MAVEN IUVS observations of the aftermath of the Comet Siding Spring meteor shower on Mars

N. M. Schneider, J. I. Deighan, A. I.F. Stewart, W. E. McClintock, S. K. Jain, M. S. Chaffin, A. Stiepen, M. Crismani, J. M.C. Plane, J. D. Carrillo-Sánchez, J. S. Evans, M. H. Stevens, R. V. Yelle, J. T. Clarke, G. M. Holsclaw, F. Montmessin, B. M. Jakosky

Research output: Contribution to journalArticlepeer-review

64 Scopus citations


We report the detection of intense emission from magnesium and iron in Mars' atmosphere caused by a meteor shower following Comet Siding Spring's close encounter with Mars. The observations were made with the Imaging Ultraviolet Spectrograph, a remote sensing instrument on the Mars Atmosphere and Volatile EvolutioN spacecraft orbiting Mars. Ionized magnesium caused the brightest emission from the planet's atmosphere for many hours, resulting from resonant scattering of solar ultraviolet light.

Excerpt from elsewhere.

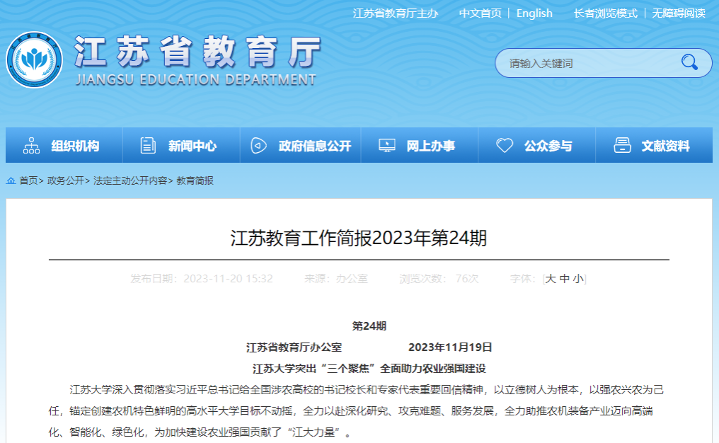 11月20日,江苏省教育厅《江苏教育工作简报》(2023年第24期)以《beat365中文官方网站突出“三个聚焦”全面助力农业强国建设》为题,从“聚焦深化科技创新,加快打造农机研究新高地”“聚焦破解行业难题,不断实现农机技术新突破”“聚焦服务乡村振兴,全面提升农机装备新贡献”三个方面,专题报道了beat365官网科技强农兴农工作。

Modeling suggests a substantial fluence of low-density dust particles 1-100 μm in size, with the large amount and small size contrary to predictions. The event created a temporary planet-wide ionospheric layer below Mars' main dayside ionosphere. The dramatic meteor shower response at Mars is starkly different from the case at Earth, where a steady state metal layer is always observable but perturbations caused by even the strongest meteor showers are challenging to detect.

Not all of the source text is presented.